Ovarian cancer diagnoses worldwide are set to rise by more than half (nearly 55%) in the next 20 years, primarily because post-menopausal women are living longer.
The World Ovarian Cancer Coalition says we will also see a 15% increase in diagnoses in the UK alone, where ovarian is currently the fifth most common type of cancer in women, after breast, bowel, lung and womb.
More than 7,000 women are currently diagnosed with the disease every year in the UK - this number could rise by 1,050.
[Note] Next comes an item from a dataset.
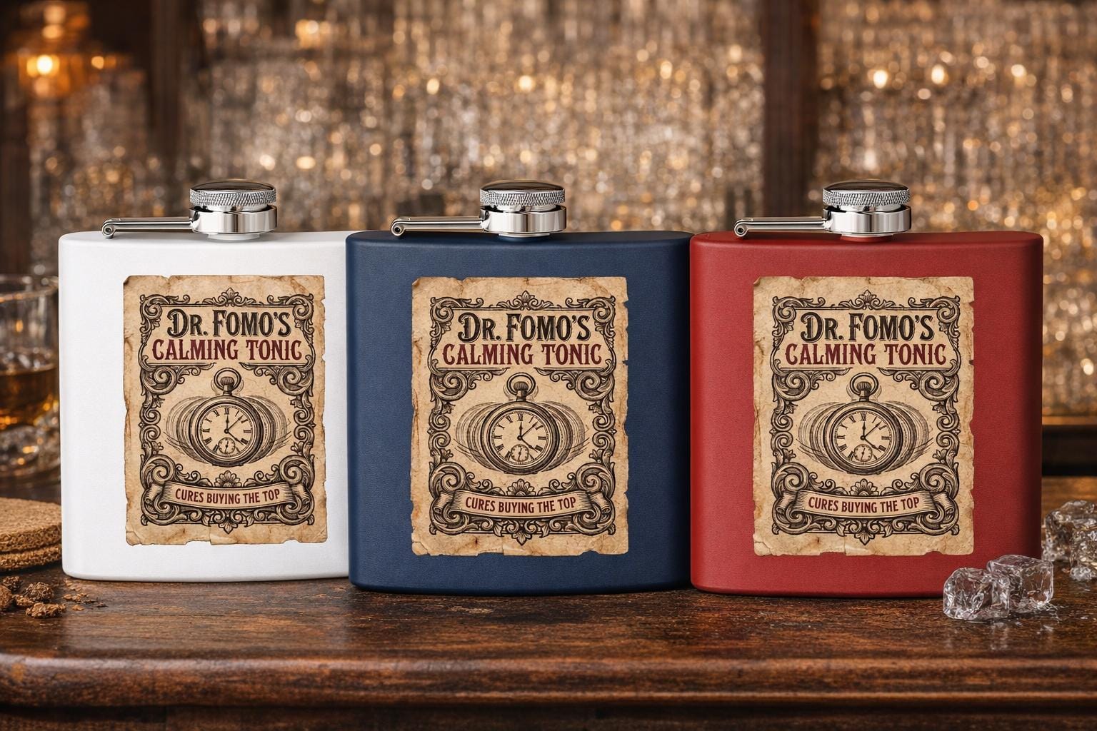 Introducing the ultimate remedy for volatile markets: Dr. FOMO's Calming Tonic Flask.
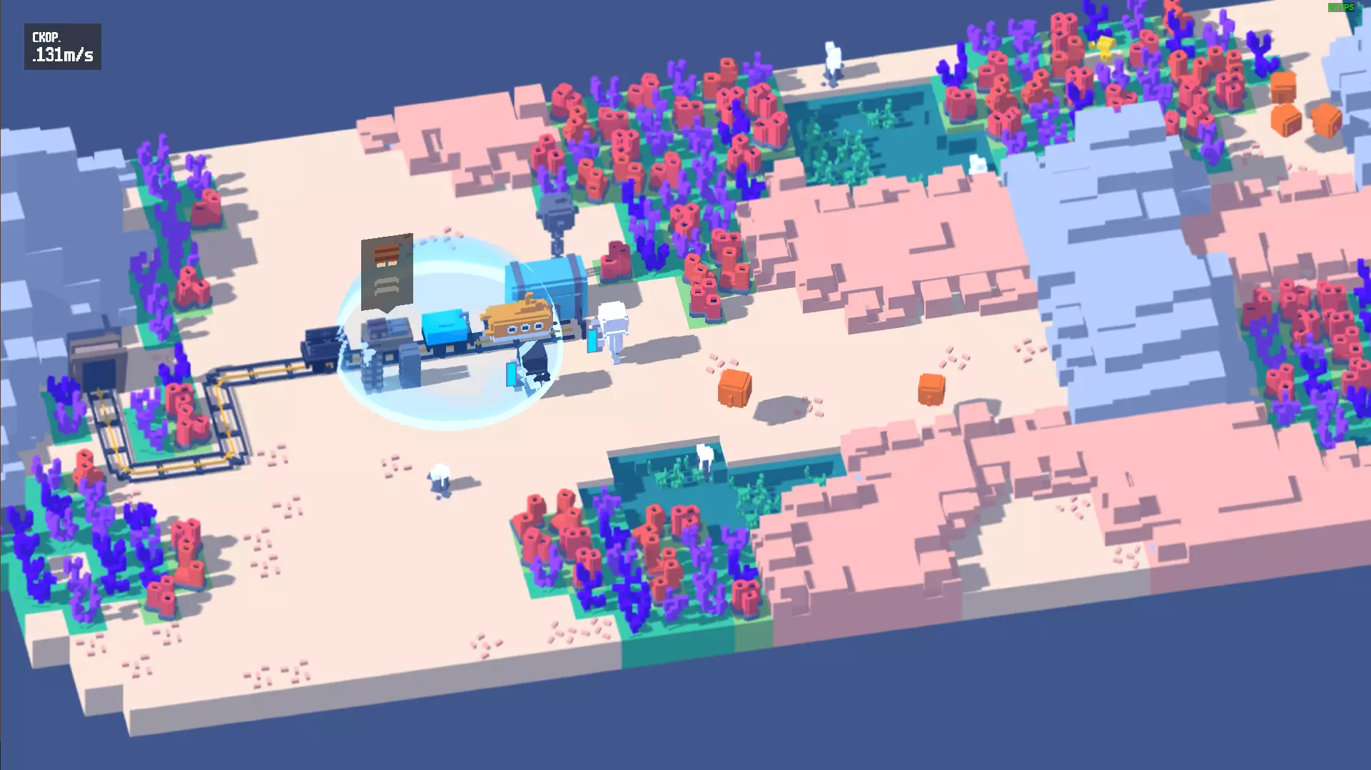 地图每次都会使用种子随机生成。不过在长期模式中,生物群系总是按照特定顺序依次出现,且每个生物群系都具备以下特征: - 用于获取木材的森林(或类似区域); - 含有铁矿的棕黄色或浅灰色岩石; - 阻碍移动的深灰色不可破坏岩石。铁路轨道只能铺设在坚硬的地面上,若没有坚硬地面,则需要建造木桥。 车站之间会出现用于升级火车的螺栓,此外每个生物群系中都有一个橙色的特殊零件。这些特殊零件相当于2个螺栓,是解锁最后一个 locomotive( locomotive)所需的物品。 在长期模式下,生物群系会在车站升级 locomotive( locomotive)后发生变化。 平原

“Ovarian cancer can be devastating,” UK cancer charity Target Ovarian Cancer’s tells HuffPost UK. “Far too many women are diagnosed too late, once the cancer has already spread, making treatment more difficult.”
Global survival rates for ovarian cancer are so much lower than for other cancers: it has the lowest survival rate of all female cancers. An early diagnosis can mean the difference between life and death.
In contrast, 10-year breast cancer survival in England and Wales is now 78%, having nearly doubled in 10 years. There have been far fewer breakthroughs in diagnosis and treatment of ovarian cancer.
The new study has attributed the rise in the number of diagnoses to women around the world living much longer - the disease mostly affects women over 50 years old - and rapid population growth growing this demographic.
In the developed world there has been a slowing in the rate of diagnosis partly due to large numbers of women taking the contraceptive pill in their earlier years, which is known to have a protective effect.
More than 1,000 women in 39 countries took part in the World Ovarian Cancer Coalition research.
What are the symptoms of ovarian cancer?
The symptoms of ovarian cancer are similar to those of other conditions, which can make it difficult to spot for both patients and doctors.
According to the NHS, there are early symptoms to look out for such as persistent bloating, pain in the pelvis and lower stomach, difficulty eating and needing to urinate more often than normal.
“The symptoms aren’t always easy to recognise because they’re similar to those of some more common conditions, such as irritable bowel syndrome (IBS),” says the website.